Assignment →
Return each line exactly, from the one that has "Până joi, 4" through the end of the entries, both ends included. Pictures do not belong.

(Data entries)
--- START ---

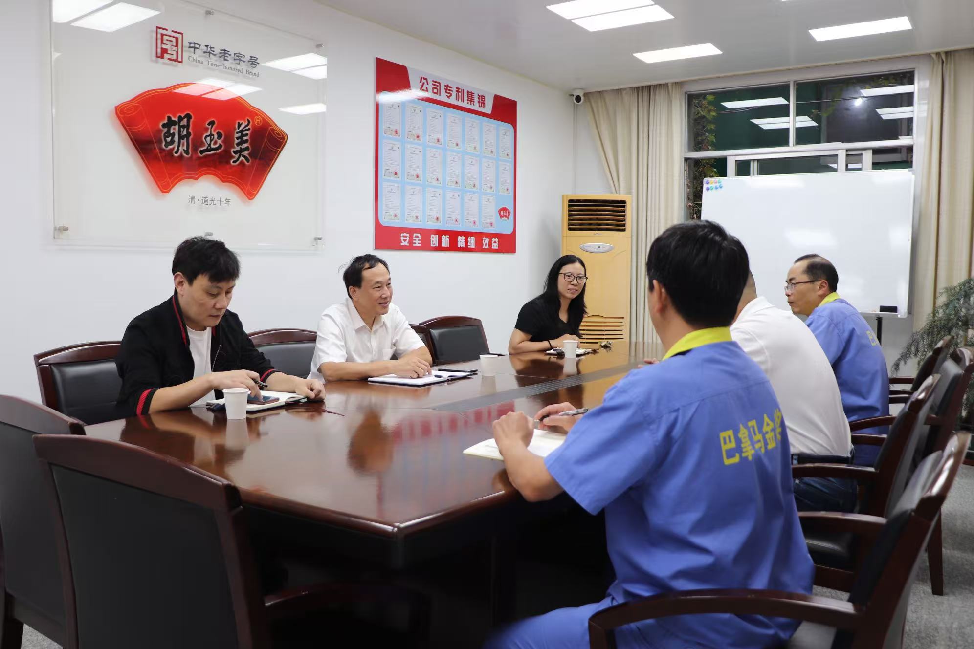 10月13日下午,安慶市經(jīng)開區(qū)市場監(jiān)管局局長李怡和一行蒞臨公司調(diào)研指導,公司董事長顏志勇熱情接待,副總經(jīng)理昝幼龍陪同。
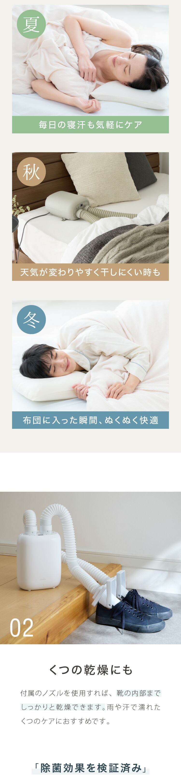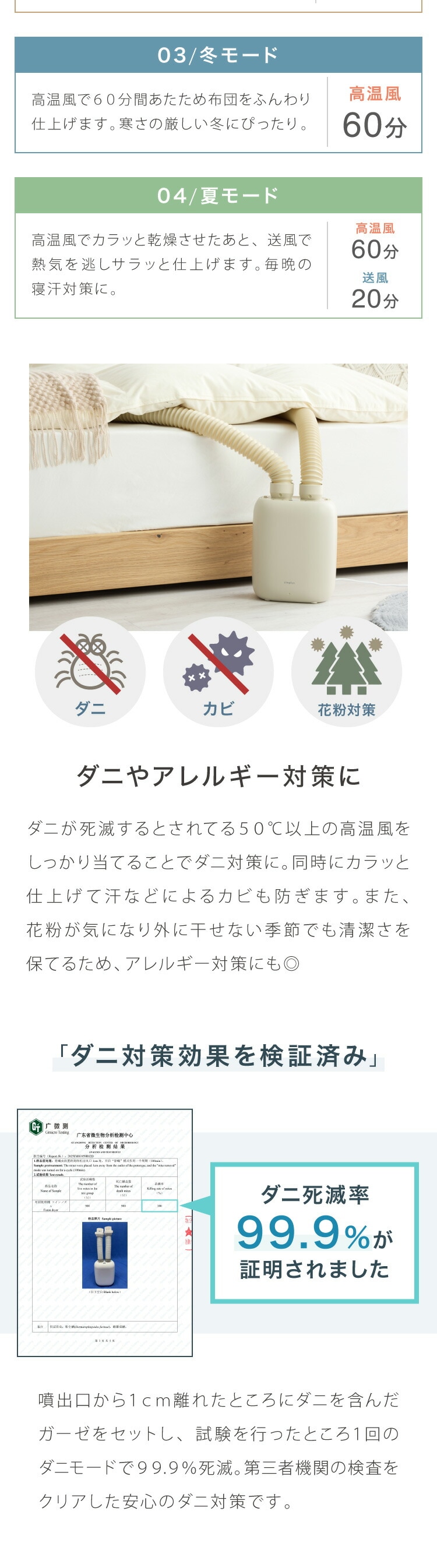 高温風でダニやカビを効果的に除去し、花粉も軽減。アレルギー対策にも最適です。
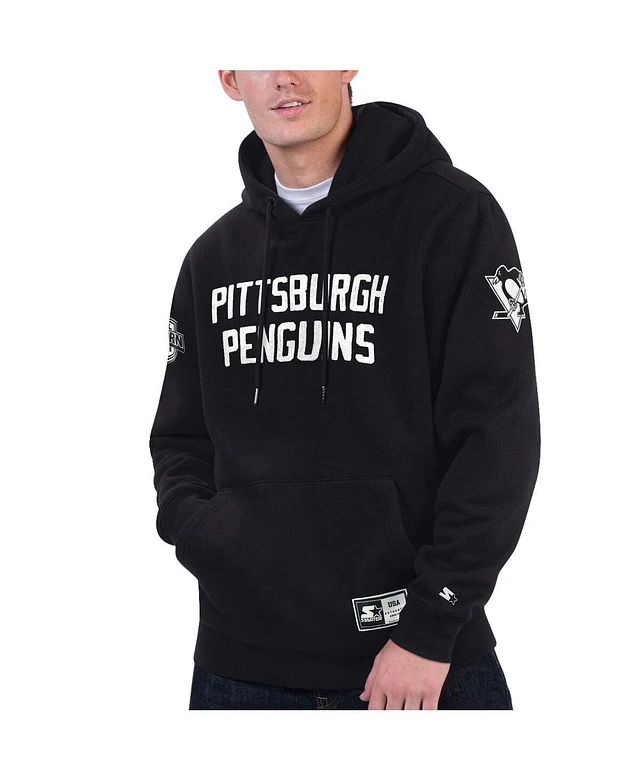Men's Starter Black Pittsburgh Penguins Hat Trick Pullover Hoodie
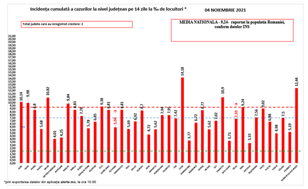 Până joi, 4 noiembrie, la nivelul județului Bistrița-Năsăud au fost raportate următoarele date referitoare la situația epidemiologică privind îmbolnăvirea cu noul coronavirus:
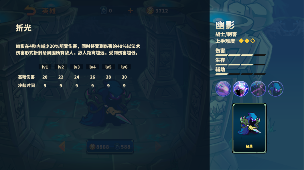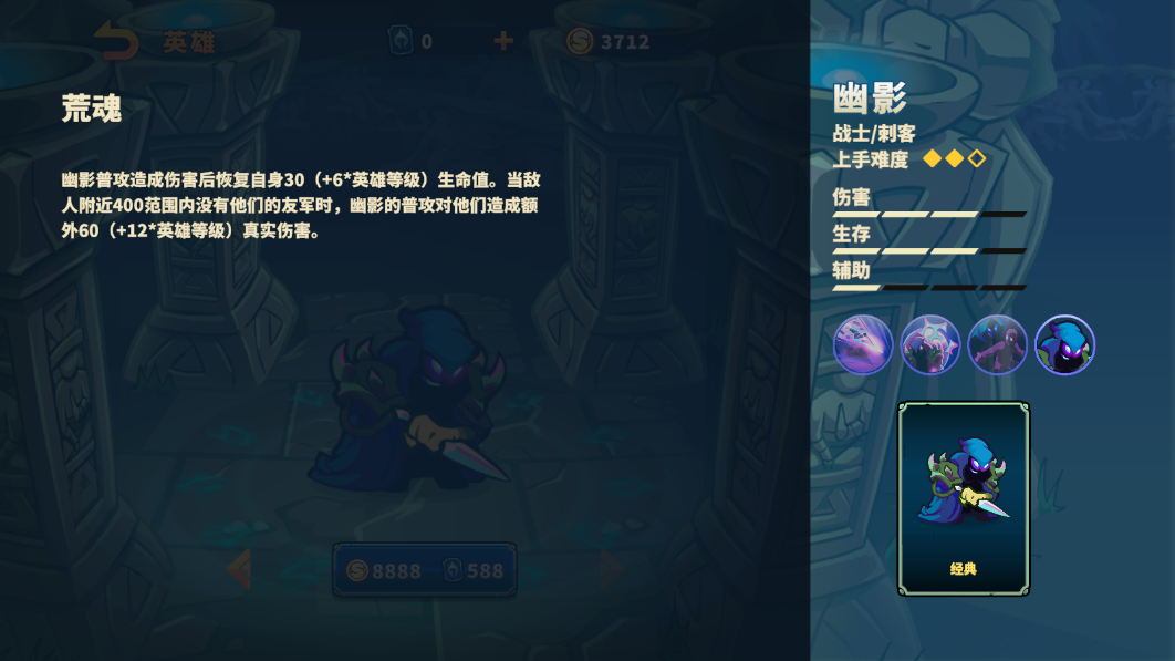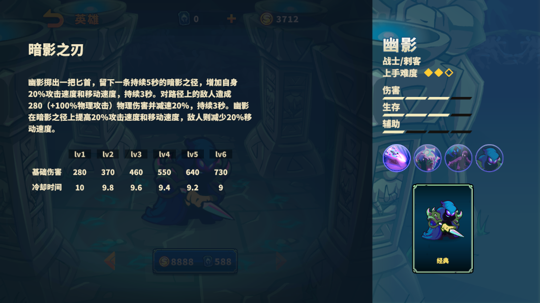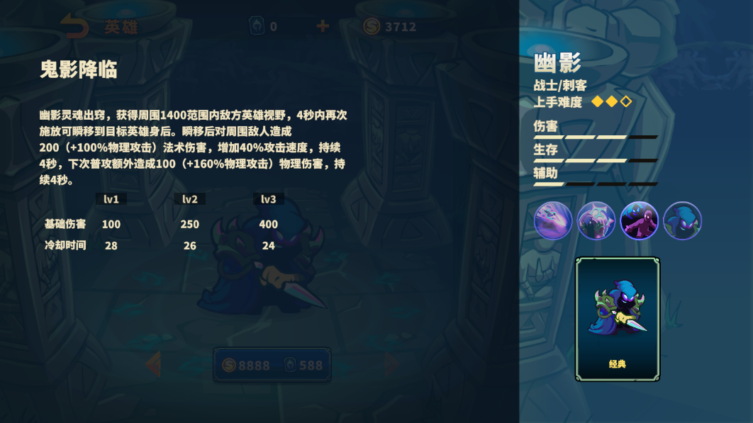 幽影是一位刺客类型英雄,其拥有较高的伤害和生存能力,机动性强

--- END ---

Solution →
 Până joi, 4 noiembrie, la nivelul județului Bistrița-Năsăud au fost raportate următoarele date referitoare la situația epidemiologică privind îmbolnăvirea cu noul coronavirus:
 幽影是一位刺客类型英雄,其拥有较高的伤害和生存能力,机动性强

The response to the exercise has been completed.